[Saved entries]
BEGIN

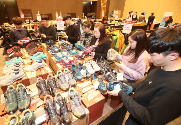 ▲지난 3월 롯데백화점 광복점 10층 문화홀에서 열린 부산지역 상생 페스티벌 행사에서 고객들이 살펴보고 있다. (사진=롯데백화점)
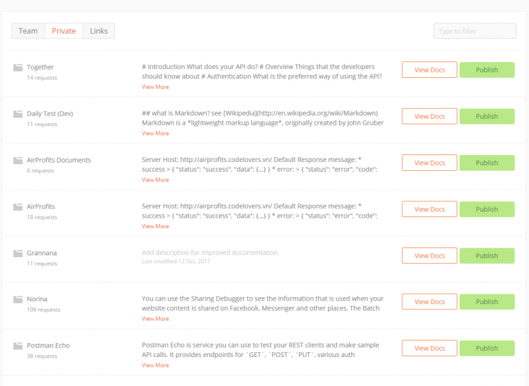 Click vào View Docs để xem API Docs (đây là link của trạng thái Private, link này không share được).
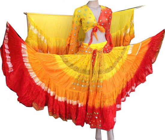 Bolly wood Three Tone Skirt (25yards circumference) Yellow/Orange/Red
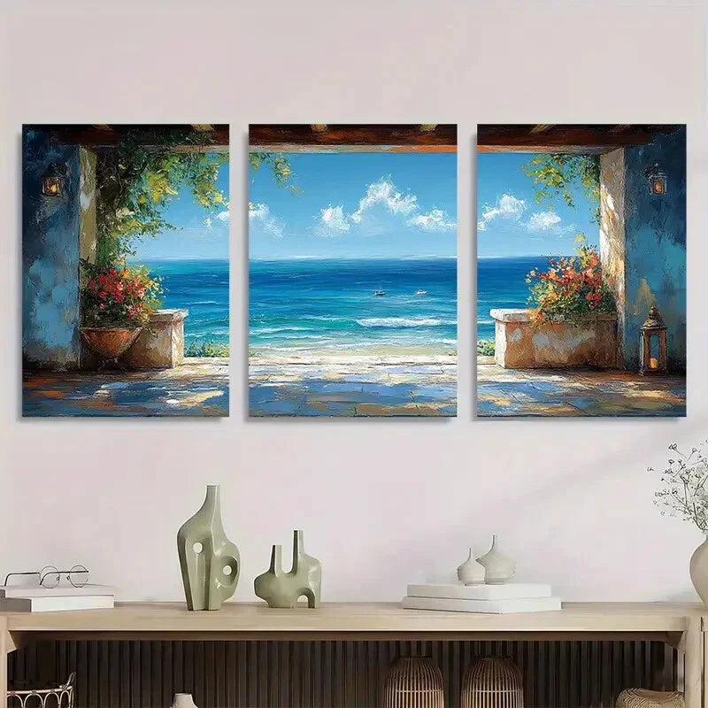 3pcs Modern Abstract Ocean View with Blue Doors Metal Print Ready to Hang Art
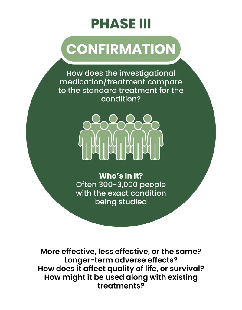 Phase III trials are large-scale studies that compare the new treatment to the current standard of care, with an emphasis on confirming effectiveness and long-term safety.

END

Beginning with the line that contains "Click vào View", reproduce every line through the end of the records above exactly, leaving pictures out.

 Click vào View Docs để xem API Docs (đây là link của trạng thái Private, link này không share được).
 Bolly wood Three Tone Skirt (25yards circumference) Yellow/Orange/Red
 3pcs Modern Abstract Ocean View with Blue Doors Metal Print Ready to Hang Art
 Phase III trials are large-scale studies that compare the new treatment to the current standard of care, with an emphasis on confirming effectiveness and long-term safety.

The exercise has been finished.